I think a quote from a distressed mother sums up my thoughts for this subject very well: “How dare they tell me that I cannot save my son’s life?…’Let your child die, because my religious belief is more important than your child’s life.’…[they] have no right to stop me from saving my son’s life (Taking Sides 67).” We are concerned about human rights in America, supposedly. I think to say an embryo in a Petri dish has more rights to be protected than the people who are alive now and suffering from incurable conditions is completely outrageous.

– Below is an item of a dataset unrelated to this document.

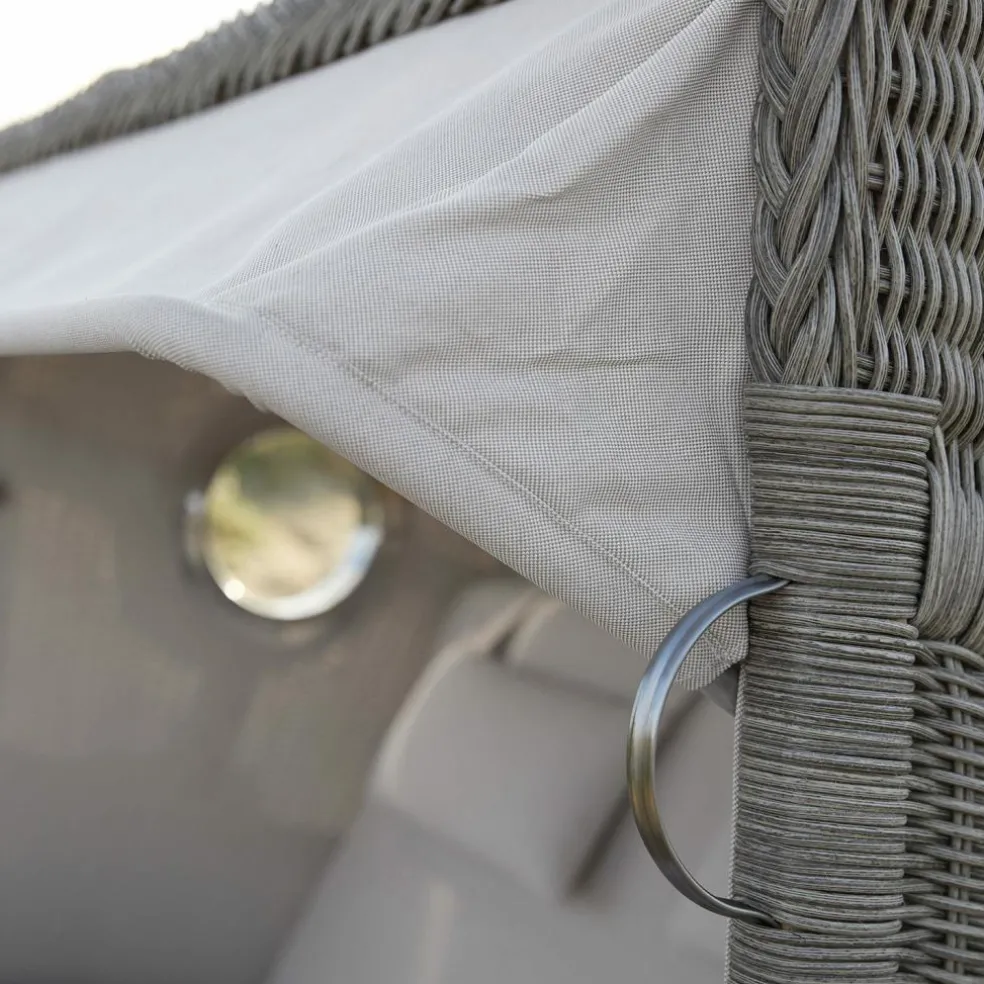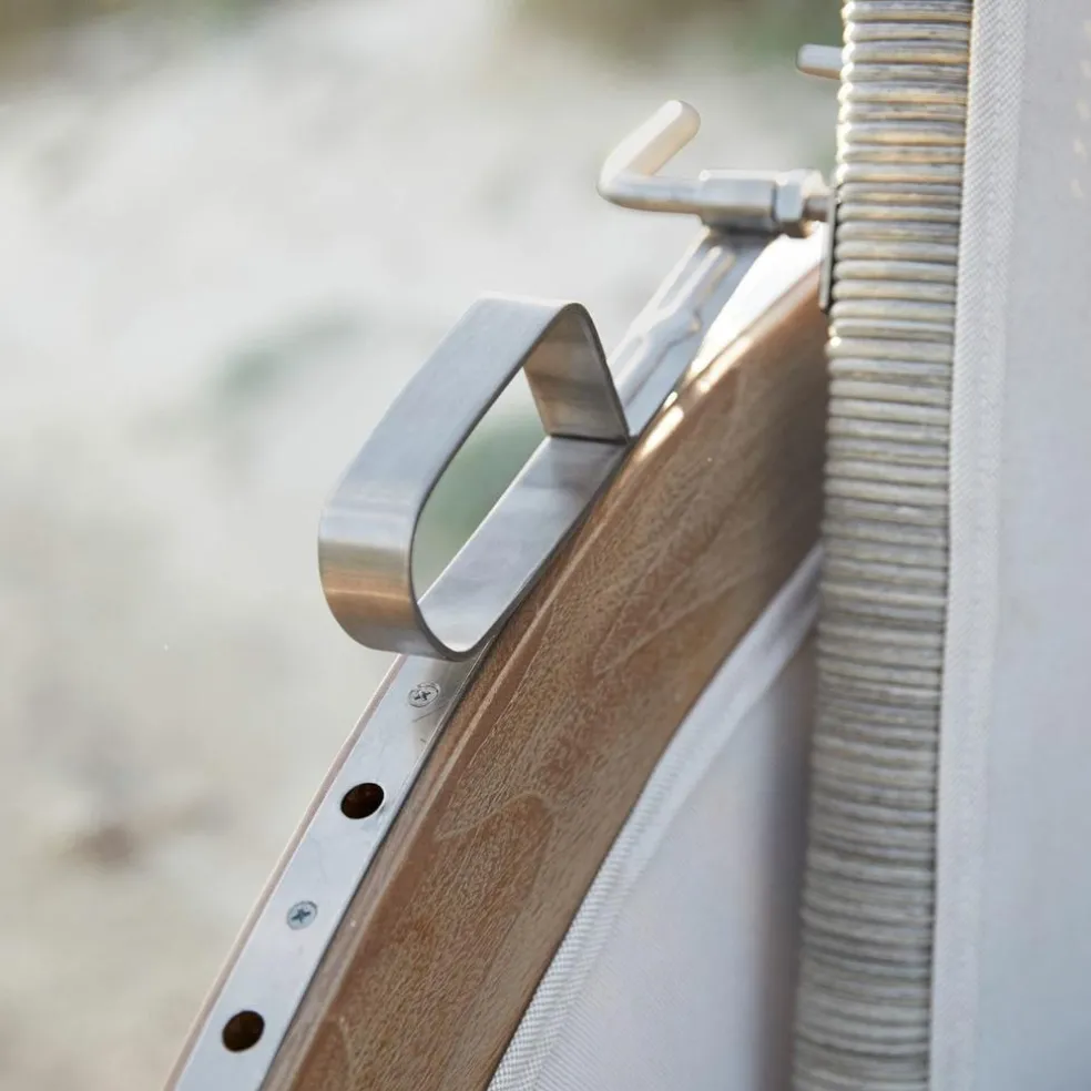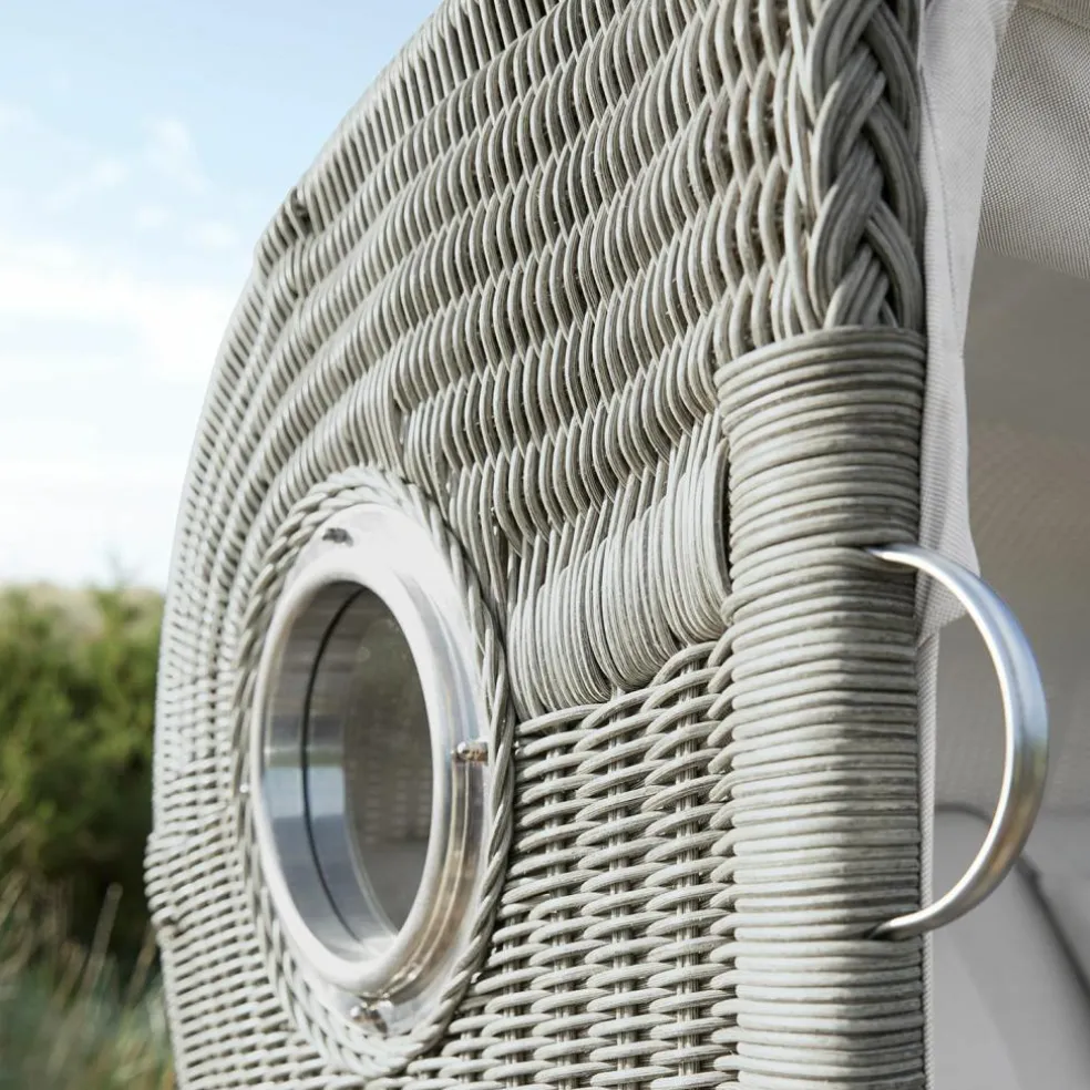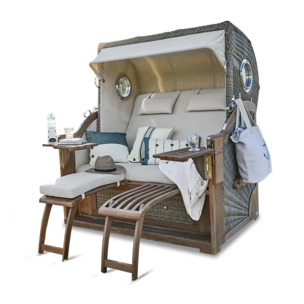 Dem Rauschen des Meeres lauschen, gut vor Sonne und Wind geschützt die Freizeit genießen, ein romantisches Strand-Picknick mit Champagner und Beeren und entspannt ein gutes Buch lesen – zum perfekten Urlaub am Meer gehört für viele ein komfortabler Strandkorb einfach dazu. Mit diesem Modell holen Sie sich eine absolute Luxus-Variante ins Haus, beziehungsweise in den Garten oder auf die Terrasse. Das Gestell ist aus sehr langlebigen Materialien wie Teakholz und Aluminium gefertigt. Die wunderschön geflochtenen Partien und die seitlichen Bullaugen unterstreichen den authentischen Küsten-Charme. Beim Design wurde neben dem hohen Qualitätsanspruch aus sehr viel Wert auf höchsten Komfort gelegt. Die zahlreichen und gut durchdachten Details lassen keine Wünsche offen. Die Beine können dank der abnehmbaren Fußstützen hochgelagert werden. Die bequemen Kissen mit robusten Synthetikbezügen laden zum Anlehnen und Verweilen ein. Schwenkbare Tische eignen sich perfekt für Getränke oder Snacks. Unter den Fußstützen befindet sich eine zusätzliche Schublade. In diesen kann alles untergebracht werden, was Sie für den perfekten Urlaubstag zu Hause benötigen. Unter anderem eben auch die Fußstützen, die hier gut verstaut werden können. Sonnencreme, Lektüre, Sonnenbrille und vielleicht ein leichtes Jäckchen können hier sicher und stets greifbar verstaut werden. Wer das maritimes Lebensgefühl liebt, wird in diesem traumhaft schönen Teil den perfekten Begleiter für den Sommer finden.

We need a reality check in this country. Social conservatives are afraid of something like cloning coming to be a commonplace reality here and they have it in their minds that this is something evil that has to be stopped. They have lost sight of the ultimate human right, which is the right to live and choose what they please. I agree with this mother. Choose what you want for your own embryos and children, but let everyone else choose to do what is right for their families and themselves. Let them choose a less risky option if they want, but at least let them make the choice on their own. For all the hope that’s been lost in the past eight years, we owe them that.

I think these religious interests groups and churches have forgotten what Jesus did when he came here: he healed the sick. If the only representation of God in the flesh we have is Jesus shouldn’t we be following that example? There is so much negative thinking in the realm of science by religious activists. People that think they can’t possibly coincide. If God truly created the world, science is the tool to discover how he did it, and what laws and patterns he set in place at the beginning so that millions of years later human life would surface and have the consciousness and ability to think about things before we start pointing fingers and making laws and accusing people of trying to play God. Stem-cell research is the beginning of something very big. Are we going to let our closed-mindedness stopper the success it could mean for the field of medicine? Or are we going to accept progress, and see where it takes us, what it lets us learn about God’s world? As believers, we forget that even our own faith was called wrong and people were killed for it… Sure, we don’t kill people for it anymore, but killing hopes and dreams may be even worse. Instead of persecution, they call it politics.

Lucky for us there is a new administration and Congress. I have high hopes, but there is a lot going on with the economy and foreign affairs that it may be a while before medical research gets a chance to shine again. Hopefully it begins to get the attention and praise it deserves soon, or I should start looking into a new career path.